Clear Text and Encrypted passwords can be recovered using the password recovery from the profile page (assuming smtp is properly configured so it can send the password by email.
Hashed passwords can not be decrypted, so password recovery is not possible, a password reset feature is needed for hashed passwords but is not currently implemented unfortunately.
So when you change from clear text to encrypted the existing password is encrypted, if you change back to clear text it would be decrypted, but once you have changed to hashed decrypting is not possible so if you change back to clear text a random password is generated and you would have to recover it or look it up directly in the db in mp_Users. If you change from hashed to encypted a random password will be generated then encrypted and stored in the db, it can be recovered by the recovery email but you can't look it up in the db because its encrypted there.
Since you manually changed back to clear text in the db, then you need to manually put a clear text password on the user in mp_Users in order to login again.

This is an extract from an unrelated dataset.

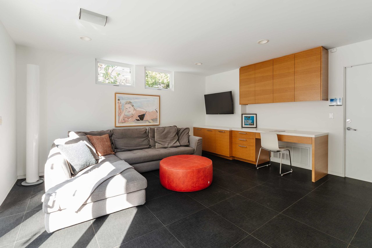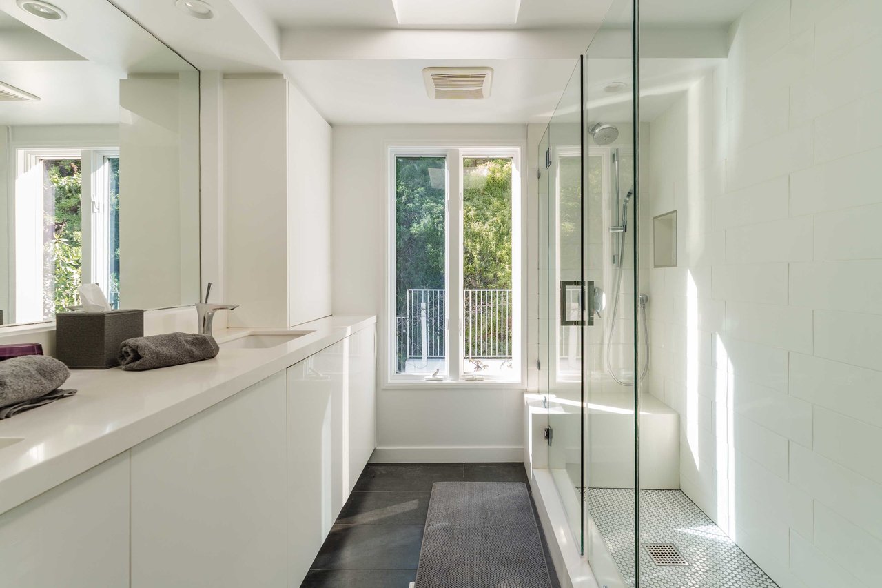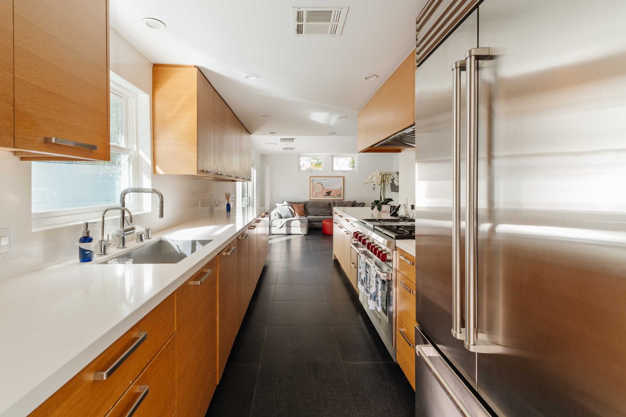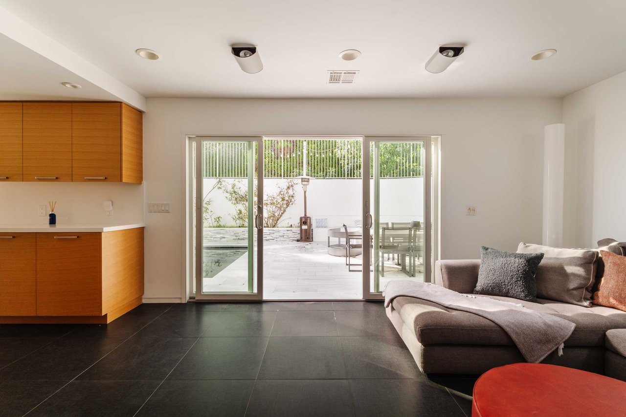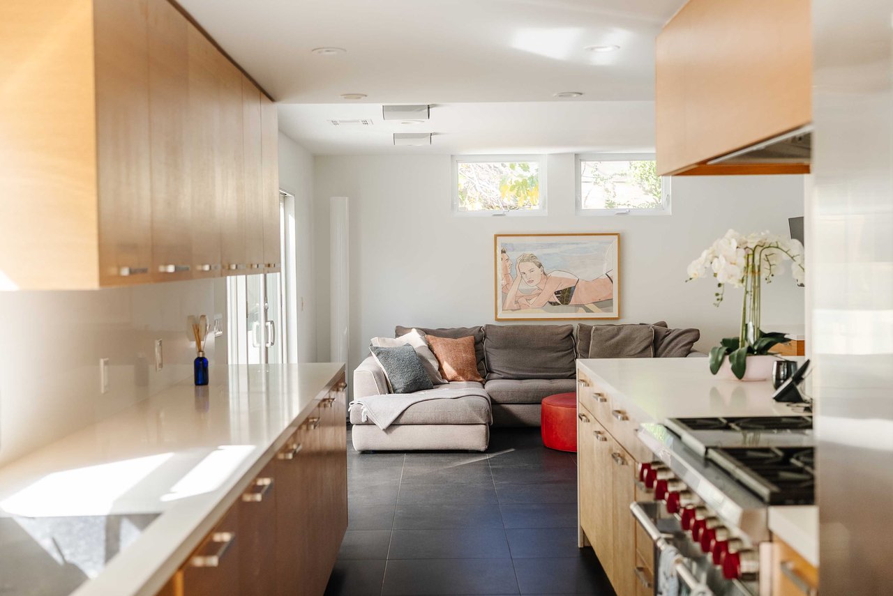 Set in the famed Marquez Knolls, this contemporary residence offers serene privacy in a truly bucolic setting. Guests are welcomed by a stately foyer with gallery walls, leading into an expansive open floorplan designed for seamless entertaining. The great room, anchored by a sophisticated fireplace and formal dining area, is bathed in natural light from large southern-facing windows. The chef’s kitchen is a masterclass in design, featuring a Wolf 6-burner double oven, Sub-Zero fridge/freezer, and custom cabinetry centered around a striking waterfall countertop with informal dining. An inviting family room adjoins the kitchen, creating a perfect hub for daily life. Upstairs, the primary suite serves as a private sanctuary, detailed with custom built-ins, skylights, and a large custom closet. The spa-like ensuite bath features dual vanities and an oversized shower with a bench. Three additional bedrooms off the landing offer breathtaking canyon and ocean vistas, sharing a bright, designer bathroom with tub and shower. The resort-caliber backyard is an entertainer's dream, featuring a saltwater pool with a baja shelf, a spa, and a built-in firepit lounge. A dedicated BBQ station services the alfresco dining terrace, while a lush, fenced lawn wraps around the home. The home is completed by a 2-car garage that also functions as a gym along with a laundry area. Located in a tight-knit community known for its resilience and charm, this home offers the quintessential Palisades lifestyle.

Be aware (since I know your other post is about ldap) that when using ldap with version 2.2.7.9 you need to leave password format as clear text. We do not store the ldap password in the db at all, we only pass it to the ldap server for authentication, if it passes authentication we assign a login cookie and the user is logged in. There is a minor bug in 2.2.7.9 where if password format is set to encrypted or hashed and using ldap, then it gets encrypted or hashed before it is passed to the ldap server and therefore login fails at the ldap server.
2. Sounds like the IIS site is configured for Basic or Digest Authentication and it throws this popup before any mojoportal code is executed. For an internet site you should configure it for Integrated Windows and Anonymous and not use digest or basic. Basic particularly is very insecure and its dangerous becuase you enter domain credentials and they are not encrypted across the wire fromthe client to the server. I would not use the anonymous user for the db connection. I would use a sql user and remove the anonymous user from the dbo group.